Richard Ketchum has a long and distinguished career in the securities industry. He is the current CEO of FINRA. He has served as the CEO of NYSE Regulation, General Counsel of Citigroup, as well as President of NASD, and a director of Market Regulation at the SEC. He delivered a speech last Thursday to the STA at their Annual Conference in Palm Beach, FL. You can read his speech here: http://www.finra.org/Newsroom/Speeches/Ketchum/P124661

His speech summarizes some market structure changes over the past year and a half, and we would like to highlight those for you this morning, as Mister Ketchum is someone with a broad level of perspective and expertise in the markets. These are all his quotes:

Since the flash crash of May 6, the markets have not really stabilized. The CBOE Volatility Index has hovered between 35 and 50 since August 2011 with no apparent end in sight.

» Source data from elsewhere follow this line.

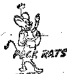
MT. AIRY VHF RADIO CLUB, INC.
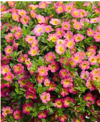
Calibrachoa 'Sweet Tart'
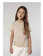
SOL'S CRUSADER KIDS 03580
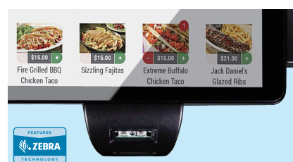
Price Checker (Zebra Engine Inside)
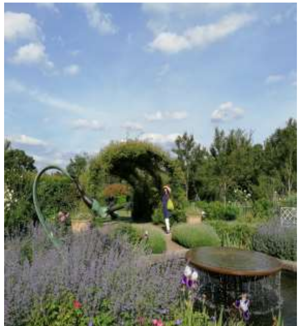
The Cottage Garden at RHS Wisley

In September of this year, the new “Manning” rule went into effect. Retail order flow in NMS stocks can be walled off from a firm’s market-making desk, provided there is an adequate information barrier in place separating the two areas, and providing that customers receive adequate disclosure of the arrangement.

A significant enhancement to FINRA’s audit trail is the expansion of OATS to include all NMS issues and the elimination of the NYSE’s OTS system.

We propose that a firm must have an order in hand to call it a natural IOI. This proposal frankly has not been without debate within FINRA and its committees and so we are asking for comments on the proposal and have posed several questions in the Notice.

We have created an environment marked by higher volume, very aggressive competition and low spreads. And liquidity is spread across multiple books and in some cases across books that are not transparent. When these conditions are combined with free and extremely cheap access to electronic trading, the result is an environment where liquidity can very quickly disappear.

It is difficult to design algorithms to perform well during periods of extreme volatility where fundamental assumptions of the market are challenged.

In a highly volatile market environment, it’s absolutely critical to have pauses and limits that work in a way to allow human beings to make a determination that the market has not been fundamentally changed and to convey that there are buying or selling opportunities.

A step that I think is absolutely critical for the integrity of our markets going forward is the SEC’s action on naked access and the requirement that anyone directly interacting with the marketplaces be a broker-dealer.
With respect to high frequency and algorithmic trading, we are focused on the detection of so-called “momentum ignition” strategies.

We are continuing to look at purported instances of “quote stuffing,” in which extremely high levels of message traffic occurs in a particular security.